= Pilzno (Hasidic dynasty) =

Polish Hasidic dynasty

Pilzno is a Hasidic dynasty named for the town of Pilzno in Southern Poland. It was founded by Rabbi Gershon Adler. Rabbi Joseph Singer, a grand son of Adler was the Pilzno Rav in America. He was a refugee who was the spiritual leader of the Stanton Street Synagogue on the Lower East Side of Manhattan, New York, from 1964 to 2002. Rabbi Singer appointed his disciple, Rabbi Yehoshua Gerzi, to build and carry on the Chasidus. Gerzi was sent to open a branch of Pilzno Hasidut in Israel. Rabbi Singer has a great grandson Rabbi Mattisyahu Braver who will become the Pilzno Rav in New York.

==Leadership==

===Rabbi Joseph Singer===
Rabbi Joseph Singer (1915-1 October 2006), a native of Pilzno and an eighth-generation descendant of Rabbi Abraham Gershon of Kitov, the brother-in-law of the Baal Shem Tov, founder of the Hasidic movement. Rabbi Singer's father, Rabbi David Singer, had served as Rav of Pilzno from 1898 to 1914.

Singer fled Nazi and Communist persecution in 1939, emigrating to New York's Lower East Side. He worked as a diamond cutter and as an employee of the United Jewish Council of the East Side while volunteering as an advocate for the poor elderly of the neighborhood. He was appointed as spiritual leader of the Stanton Street Synagogue in 1964 and served in this capacity until 2002, mostly without pay.

===Rabbi Yehoshua Gerzi===
Rabbi Gerzi is the Rav of Beis Dovid Pilzno in Ramat Shilo, a subdistrict of Ramat Bet Shemesh, Israel, and the founder and dean of the Pilzno Institute for Higher Learning in that city.

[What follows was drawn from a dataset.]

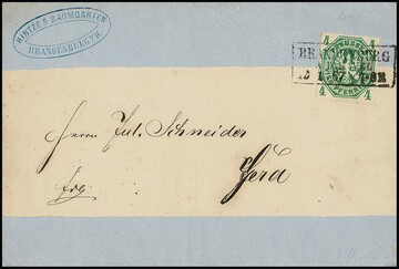 4 Pfge. dunkelgrün auf vollständiger Streifband-Drucksache (Schleife mit Inhalt) mit Ra3 von Brandenburg, sign. Brettl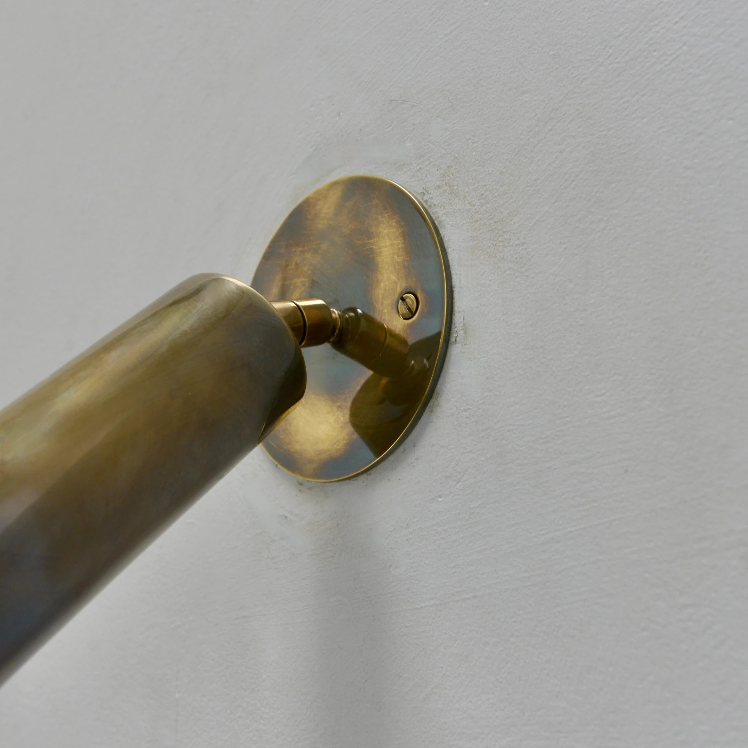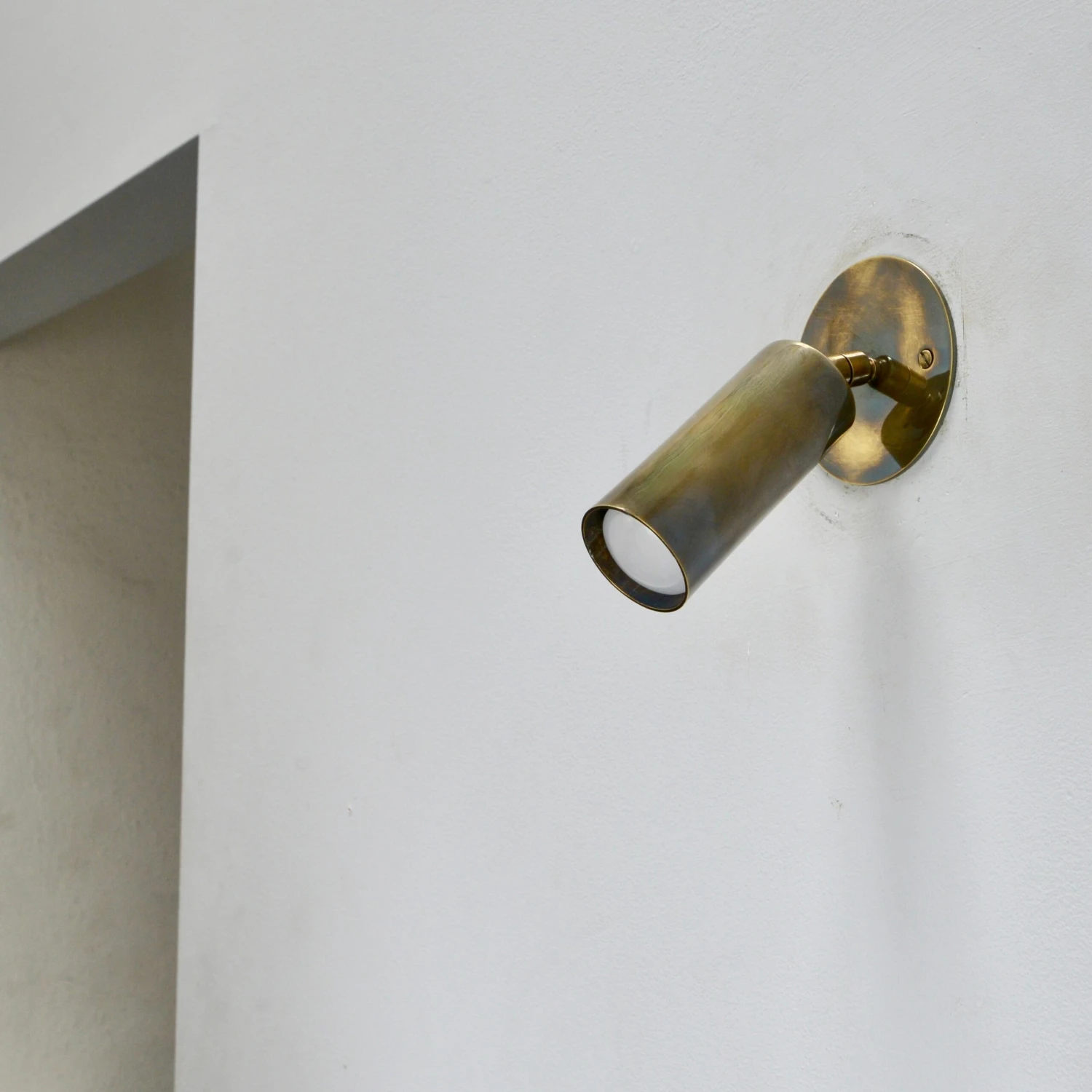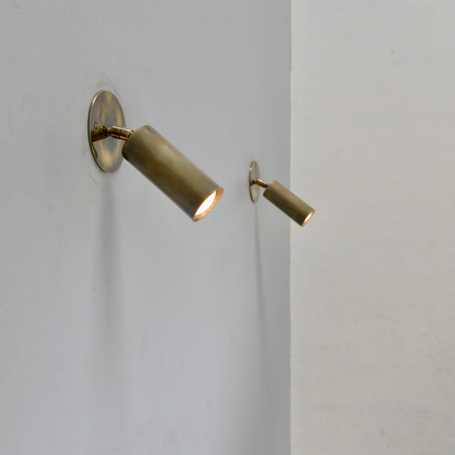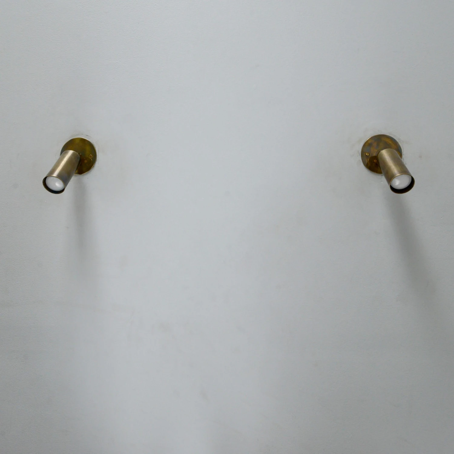 A pair of midcentury Italian mono spot sconces from the 1950s. These sconces have a lightly patinated brass finish. They are restored with 1 E26 medium based socket per sconce, for use in the USA. They can also be wired for use anywhere in the world. Lightbulbs included with order. Sold and priced in pairs. Measurements:

He is also the rabbinic coordinator for the International Kosher Organization kosher certifying agency.

== Philosophy ==
The four main pillars of the Pilzno philosophy, as developed by Rabbi Gerzi under the guidance of Rabbi Singer, are:
- Guidance - the importance of having one or several mentors to influence and guide one's growth and development (corresponding to the י in God's name, and our spiritual state)
- Knowledge - the importance of creatively acquiring and applying knowledge (corresponding to the first ה in God's name, and one's mental and creative state)
- Relationships - the importance of surrounding oneself with a supportive network of friends (corresponding to the ו in God's name, and one's social and emotional state)
- Physical and financial health - the importance of expending the necessary effort to be physically healthy and financially responsible (corresponding to the final ה in God's name, and one's physical and financial state).